XVII
A las dos de la tarde los cuatro coches de los Rostov, enganchados y dispuestos para la marcha, esperaban su salida. Los carros con los heridos, uno detrás de otro, habían comenzado a salir del patio. El coche en que iba el príncipe Andréi atrajo la atención de Sonia, que, con una doncella, preparaba el asiento para la condesa en la enorme y alta carroza que esperaba frente a la puerta.
—¿De quién es este coche?— preguntó Sonia, asomándose por la ventanilla.
—¿No lo sabe, señorita?— dijo la doncella. —Es el príncipe herido… Ha pasado la noche en nuestra casa. También viene con nosotros.
—Pero ¿quién es? ¿Cómo se llama?
—Es el antiguo prometido de la señorita, el príncipe Bolkonski— respondió la doncella suspirando. —Dicen que está a punto de morir.
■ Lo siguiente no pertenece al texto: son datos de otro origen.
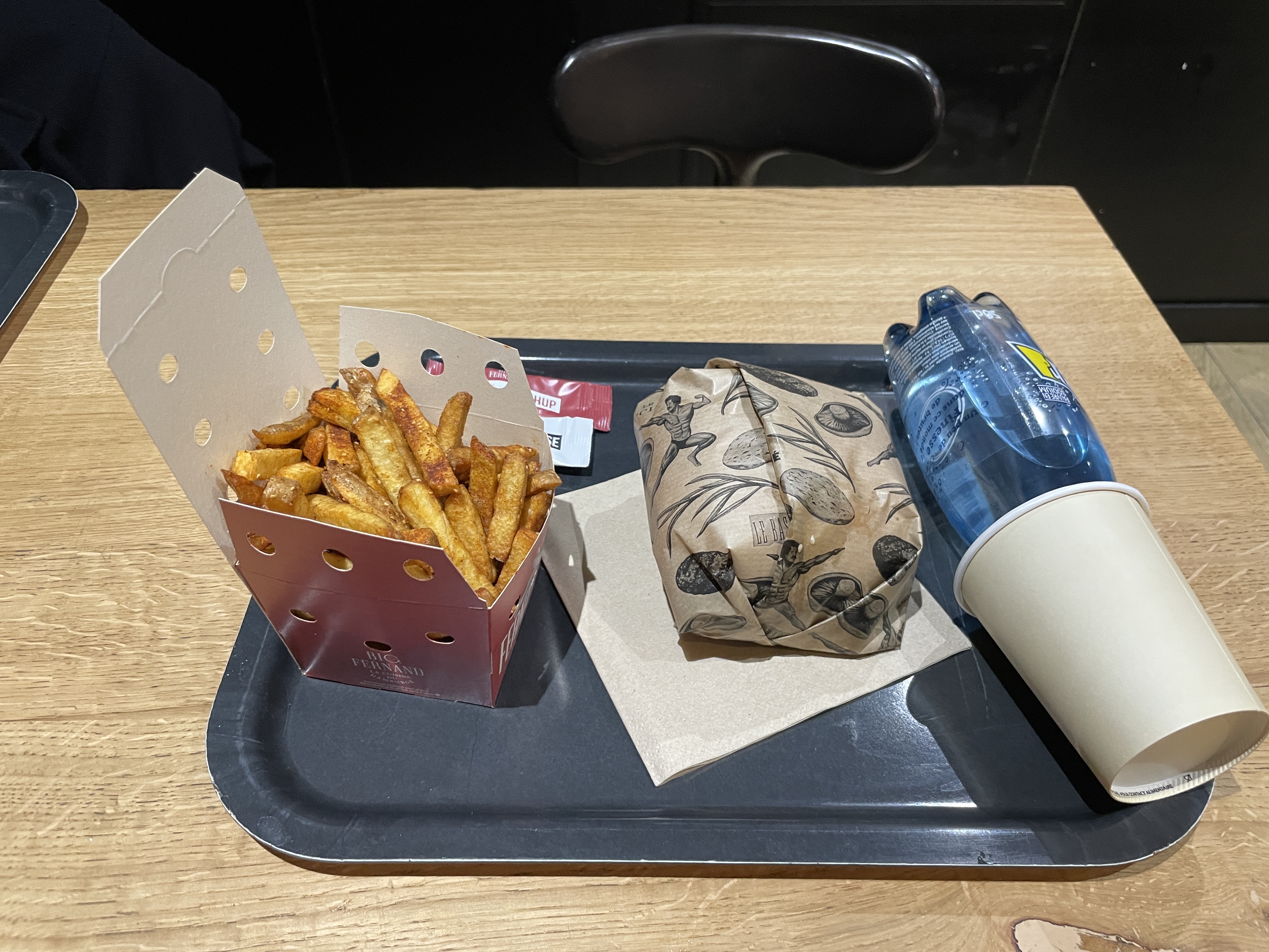 Pour le prix des menus des box de frites à moitiés pleins et des burgers froids. Vue que nous mangions sur place- pas de rince coudes ... honnêtement allez à puteaux c’est bien mieux. Enfin, pour l’instant.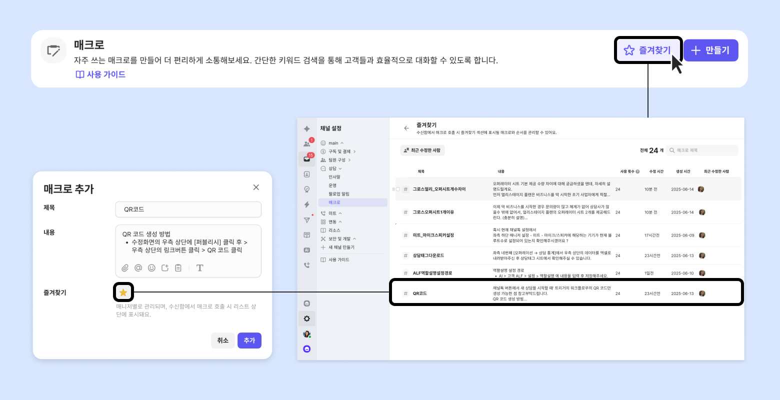 매크로 추가/수정 창에서 별 이모지()를 클릭해 즐겨찾기 가능해요.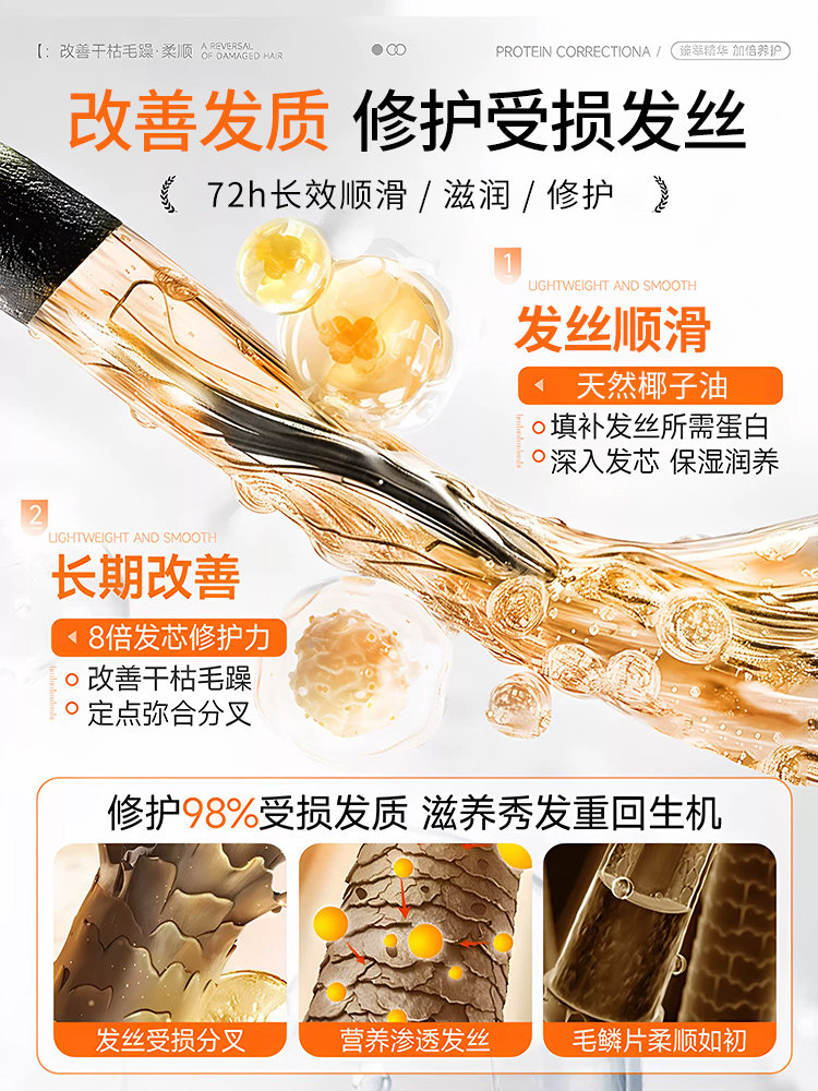 天然椰子油护发蛋白营养液头发膜修复干枯补水顺滑蛋白矫正防毛躁

Sonia saltó de la carroza y corrió hacia la condesa, quien, vestida ya para el viaje, con sombrero y chal, se paseaba con aire cansado y esperaba en la sala a los suyos para sentarse, con las puertas cerradas, y rezar antes de la partida. Natasha no estaba en la habitación.
—¡Maman— dijo Sonia, —el príncipe Andréi está aquí mortalmente herido! Viene con nosotros.
La condesa, asustada, abrió los ojos; agarró a Sonia por el brazo y se volvió para mirar.
—¿Y Natasha?— dijo.
Para Sonia y la condesa aquella noticia no tenía al pronto más que un sentido. Conocían bien a su Natasha, y el temor de lo que esa noticia iba a representar para ella ahogaba en las dos todo sentimiento de compasión hacia un hombre al que ambas querían.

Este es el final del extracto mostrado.